Instructions to follow: Here is the task for the records below: repeat exactly the lines from the one with "1、执行狙击任务,根据目标类" to the one with "80A MEGA High", both included, and nothing else.

Records for processing:
========

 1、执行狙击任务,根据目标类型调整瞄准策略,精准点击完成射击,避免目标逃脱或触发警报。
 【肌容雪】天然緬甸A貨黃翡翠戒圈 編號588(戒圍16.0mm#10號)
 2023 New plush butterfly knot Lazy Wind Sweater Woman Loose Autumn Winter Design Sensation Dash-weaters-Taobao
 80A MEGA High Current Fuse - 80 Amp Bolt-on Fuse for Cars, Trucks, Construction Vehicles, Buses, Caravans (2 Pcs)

========

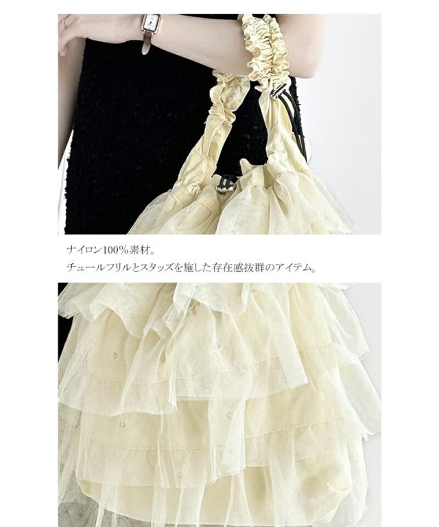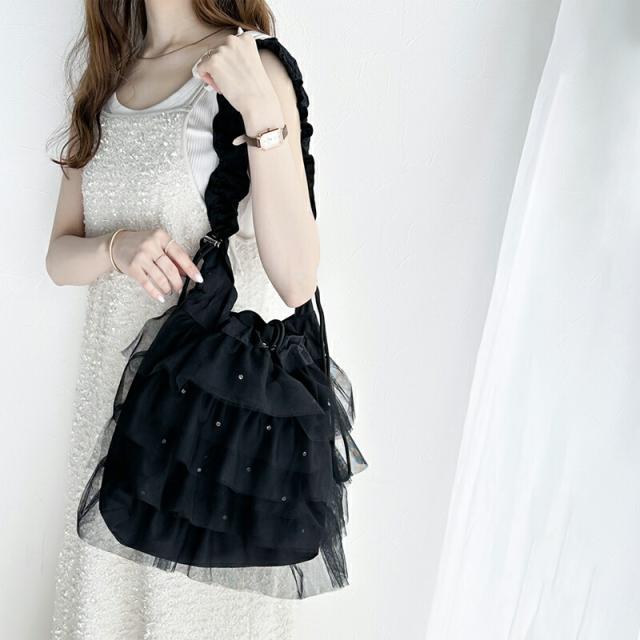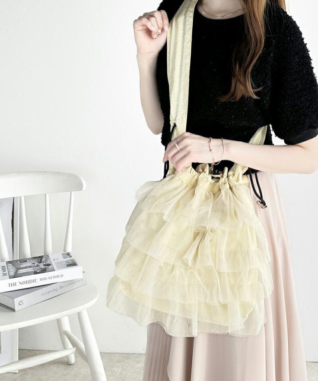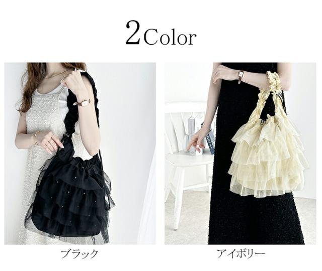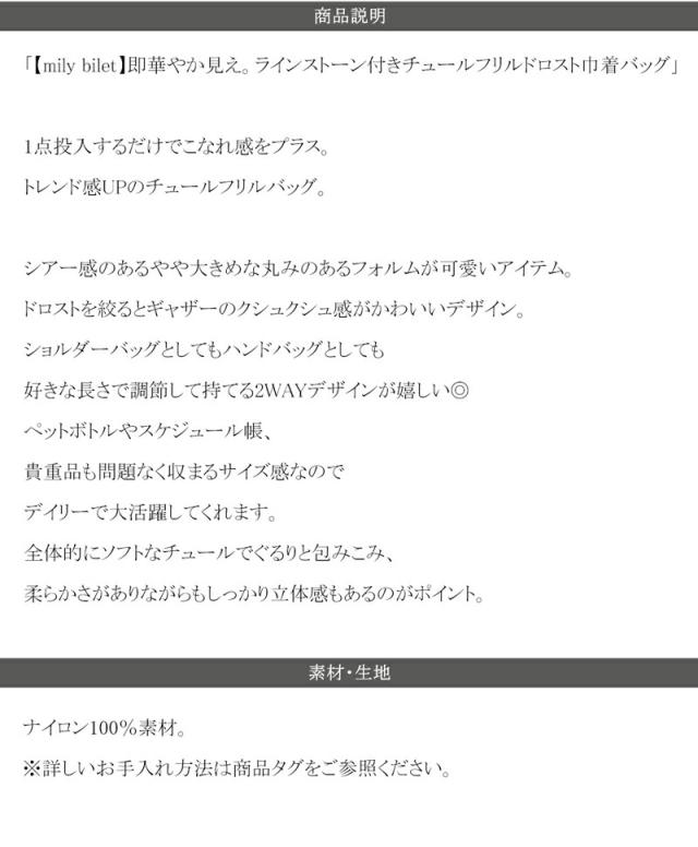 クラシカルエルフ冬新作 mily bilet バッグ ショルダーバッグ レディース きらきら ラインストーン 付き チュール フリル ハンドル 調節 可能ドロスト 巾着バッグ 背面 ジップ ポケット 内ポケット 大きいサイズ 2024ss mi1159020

========

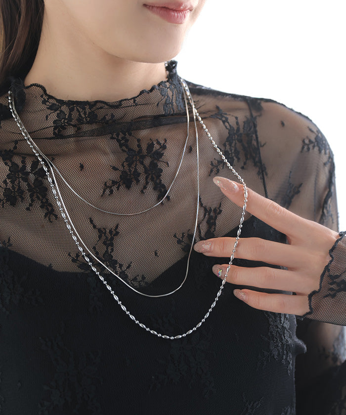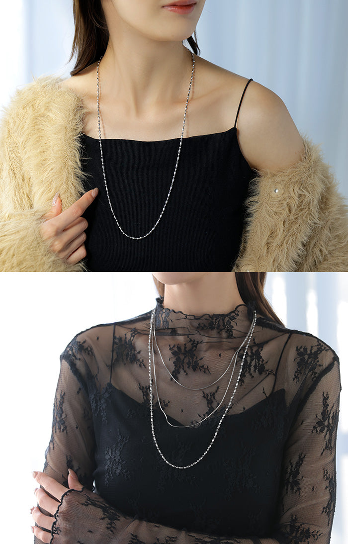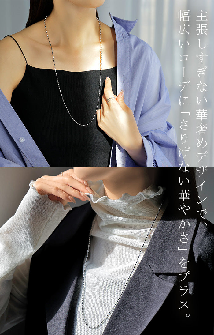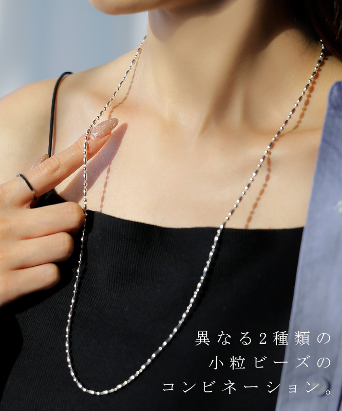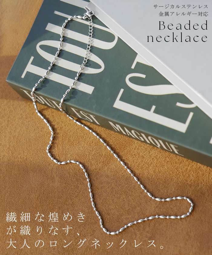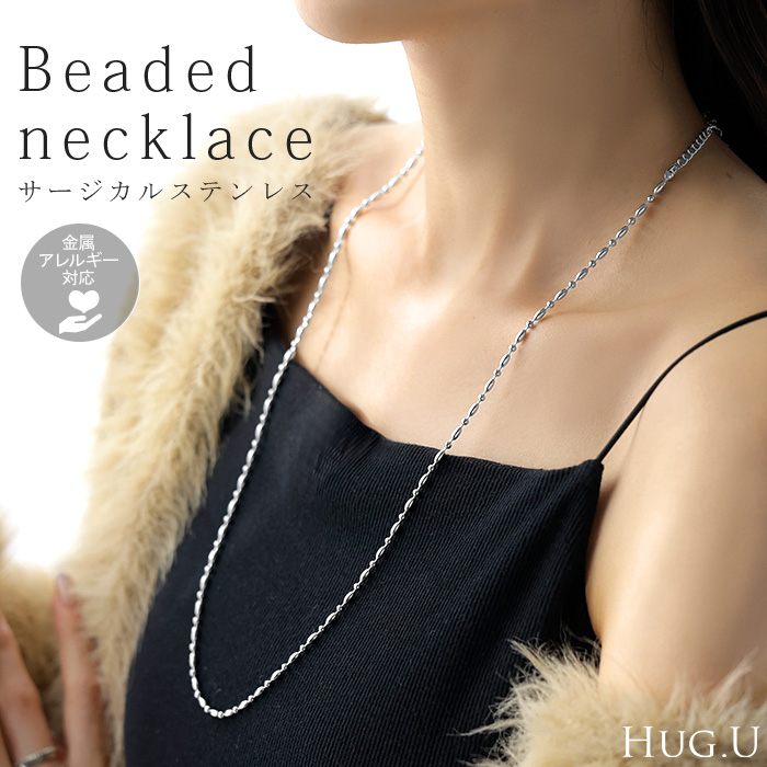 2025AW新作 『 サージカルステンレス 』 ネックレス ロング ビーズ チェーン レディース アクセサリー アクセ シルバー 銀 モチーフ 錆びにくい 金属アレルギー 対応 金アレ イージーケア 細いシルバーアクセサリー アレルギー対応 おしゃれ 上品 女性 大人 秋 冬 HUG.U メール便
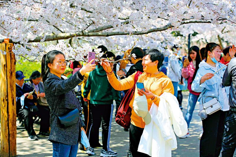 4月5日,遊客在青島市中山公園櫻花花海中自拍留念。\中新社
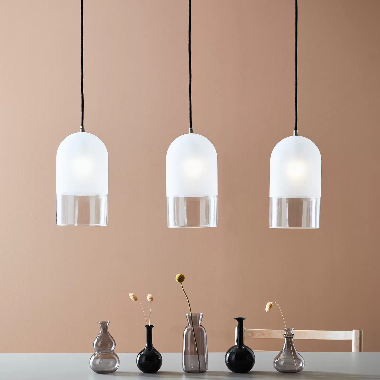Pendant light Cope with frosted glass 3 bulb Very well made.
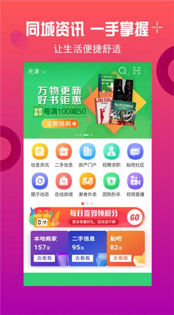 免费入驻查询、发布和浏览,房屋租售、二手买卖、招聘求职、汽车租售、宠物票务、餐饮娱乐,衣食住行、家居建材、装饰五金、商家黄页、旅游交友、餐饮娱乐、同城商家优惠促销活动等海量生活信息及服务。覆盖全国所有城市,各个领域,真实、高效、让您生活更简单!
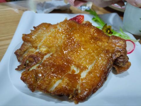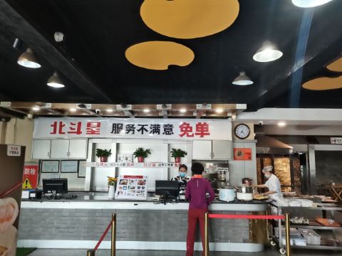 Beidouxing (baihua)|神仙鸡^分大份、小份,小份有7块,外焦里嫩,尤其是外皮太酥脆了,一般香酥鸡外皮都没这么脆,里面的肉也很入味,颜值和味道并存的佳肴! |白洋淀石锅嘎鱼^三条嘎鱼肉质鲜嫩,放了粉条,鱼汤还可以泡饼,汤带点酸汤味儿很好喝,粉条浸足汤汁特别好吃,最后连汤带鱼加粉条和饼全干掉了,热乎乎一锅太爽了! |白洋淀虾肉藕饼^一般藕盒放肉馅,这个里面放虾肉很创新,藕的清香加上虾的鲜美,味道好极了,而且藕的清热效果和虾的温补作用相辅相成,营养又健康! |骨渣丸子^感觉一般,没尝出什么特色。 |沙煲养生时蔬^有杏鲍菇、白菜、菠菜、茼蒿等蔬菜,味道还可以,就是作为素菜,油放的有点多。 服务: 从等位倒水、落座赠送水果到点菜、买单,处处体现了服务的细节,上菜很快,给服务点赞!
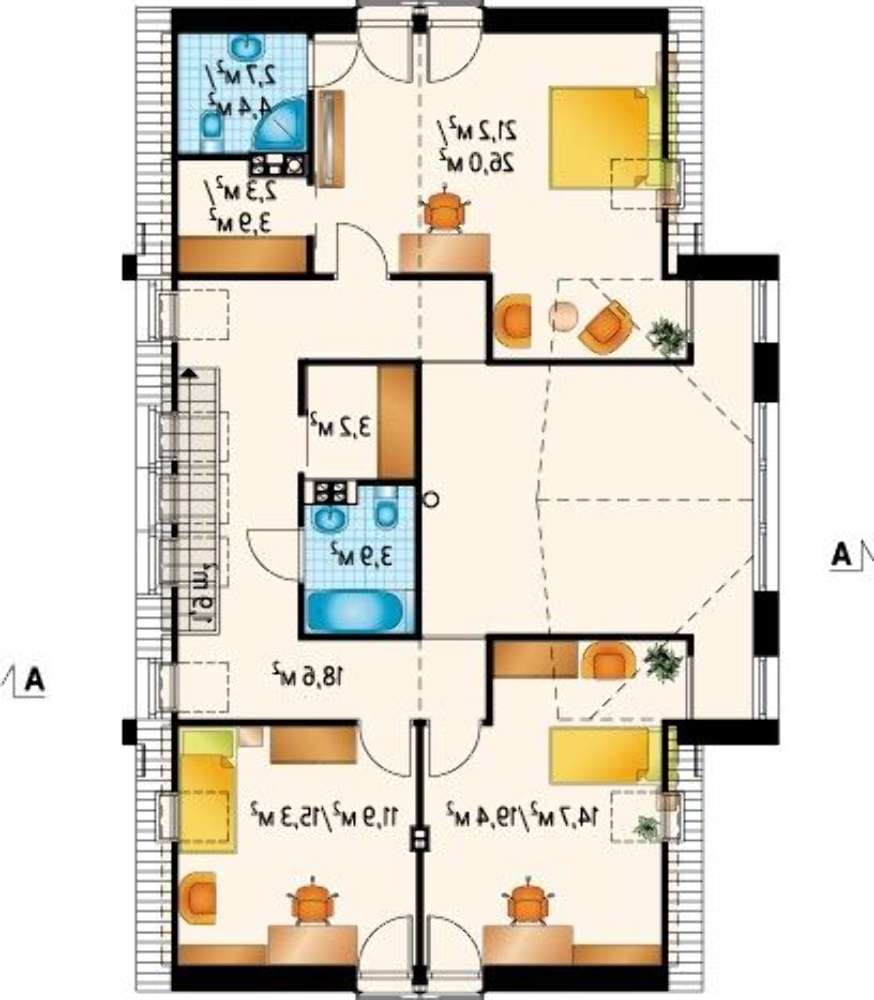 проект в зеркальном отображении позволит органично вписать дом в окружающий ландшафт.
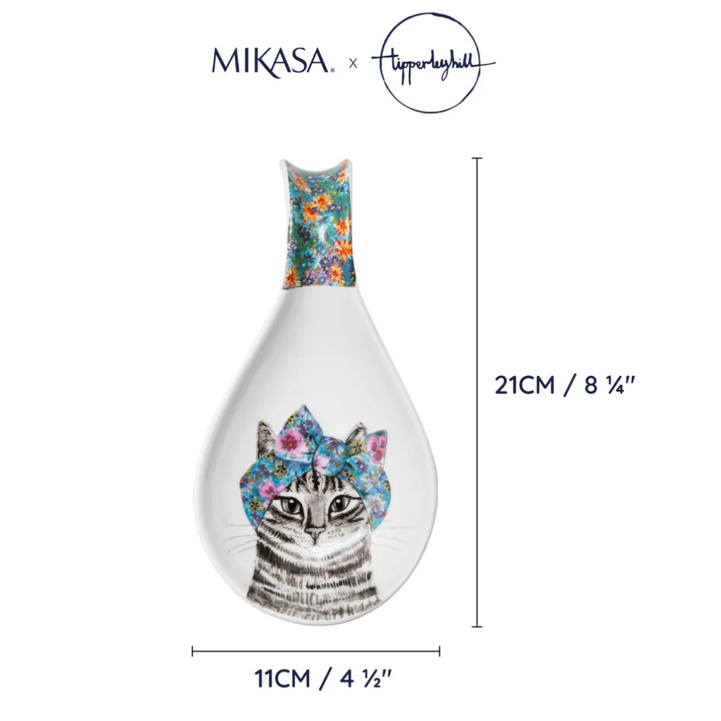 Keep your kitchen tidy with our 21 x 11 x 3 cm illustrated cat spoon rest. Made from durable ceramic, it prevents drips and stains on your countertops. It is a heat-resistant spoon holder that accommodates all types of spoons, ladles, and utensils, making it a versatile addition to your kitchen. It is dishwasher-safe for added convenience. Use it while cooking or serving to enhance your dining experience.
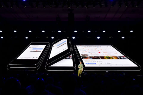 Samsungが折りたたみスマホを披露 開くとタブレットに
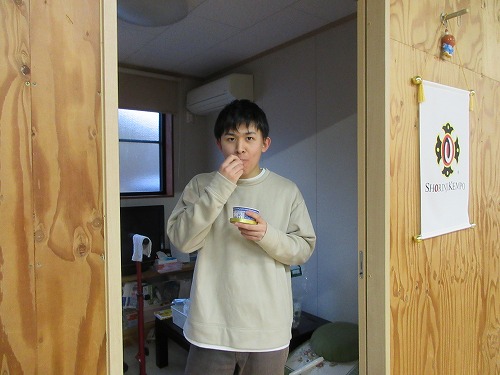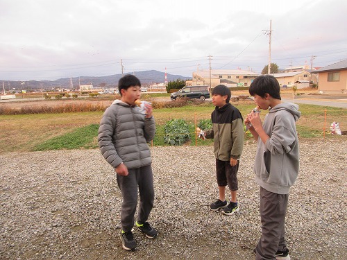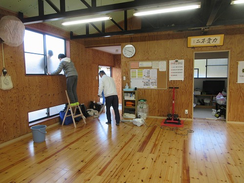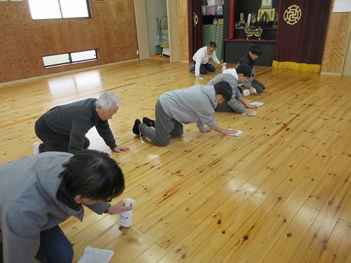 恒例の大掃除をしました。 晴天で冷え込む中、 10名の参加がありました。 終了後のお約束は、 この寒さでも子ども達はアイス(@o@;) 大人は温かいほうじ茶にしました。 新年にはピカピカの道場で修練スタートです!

========

Exercise answer:
 1、执行狙击任务,根据目标类型调整瞄准策略,精准点击完成射击,避免目标逃脱或触发警报。
 【肌容雪】天然緬甸A貨黃翡翠戒圈 編號588(戒圍16.0mm#10號)
 2023 New plush butterfly knot Lazy Wind Sweater Woman Loose Autumn Winter Design Sensation Dash-weaters-Taobao
 80A MEGA High Current Fuse - 80 Amp Bolt-on Fuse for Cars, Trucks, Construction Vehicles, Buses, Caravans (2 Pcs)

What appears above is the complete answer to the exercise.